[PROVIDED RECORDS]

┄┄┄┄┄┄

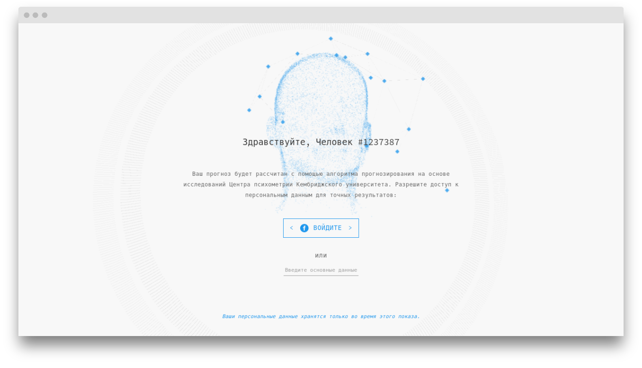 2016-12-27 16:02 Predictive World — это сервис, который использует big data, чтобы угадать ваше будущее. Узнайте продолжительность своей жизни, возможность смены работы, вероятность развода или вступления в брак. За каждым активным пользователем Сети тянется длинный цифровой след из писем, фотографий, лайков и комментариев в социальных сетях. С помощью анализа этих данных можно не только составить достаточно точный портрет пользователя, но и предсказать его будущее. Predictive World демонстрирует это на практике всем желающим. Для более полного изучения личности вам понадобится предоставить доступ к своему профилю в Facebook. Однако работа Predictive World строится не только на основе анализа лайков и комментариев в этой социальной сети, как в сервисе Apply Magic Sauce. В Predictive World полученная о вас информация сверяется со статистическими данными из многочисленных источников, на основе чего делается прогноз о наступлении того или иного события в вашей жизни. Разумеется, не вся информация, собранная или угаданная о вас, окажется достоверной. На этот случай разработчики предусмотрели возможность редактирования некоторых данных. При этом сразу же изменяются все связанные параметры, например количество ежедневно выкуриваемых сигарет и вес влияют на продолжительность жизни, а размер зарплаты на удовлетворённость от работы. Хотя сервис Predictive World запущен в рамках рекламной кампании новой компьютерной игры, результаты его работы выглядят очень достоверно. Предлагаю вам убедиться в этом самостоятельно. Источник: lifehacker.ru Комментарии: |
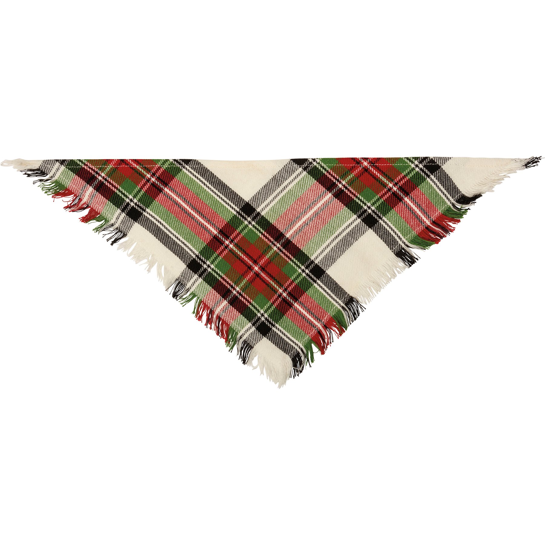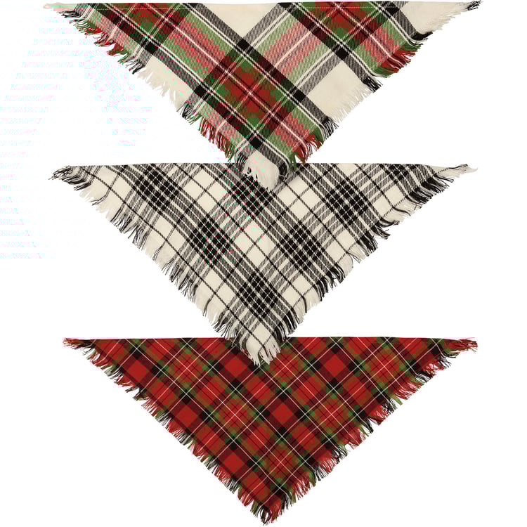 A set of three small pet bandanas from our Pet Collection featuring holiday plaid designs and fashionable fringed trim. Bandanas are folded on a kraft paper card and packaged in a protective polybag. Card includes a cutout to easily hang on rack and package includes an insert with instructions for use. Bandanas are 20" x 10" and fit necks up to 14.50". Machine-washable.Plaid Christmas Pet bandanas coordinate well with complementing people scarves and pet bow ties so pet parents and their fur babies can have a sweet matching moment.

┄┄┄┄┄┄

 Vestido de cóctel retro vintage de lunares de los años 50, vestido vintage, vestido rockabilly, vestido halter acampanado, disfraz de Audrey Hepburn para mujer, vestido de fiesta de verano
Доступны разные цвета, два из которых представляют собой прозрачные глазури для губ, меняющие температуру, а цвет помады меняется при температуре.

┄┄┄┄┄┄

[ABOUT THIS EXERCISE]
One stretch of the lines above is wanted, from the line that contains "Vestido de cóctel" through the line that contains "Доступны разные цвета, два". Output it exactly.

[SOLUTION TO THIS PROBLEM]
 Vestido de cóctel retro vintage de lunares de los años 50, vestido vintage, vestido rockabilly, vestido halter acampanado, disfraz de Audrey Hepburn para mujer, vestido de fiesta de verano
Доступны разные цвета, два из которых представляют собой прозрачные глазури для губ, меняющие температуру, а цвет помады меняется при температуре.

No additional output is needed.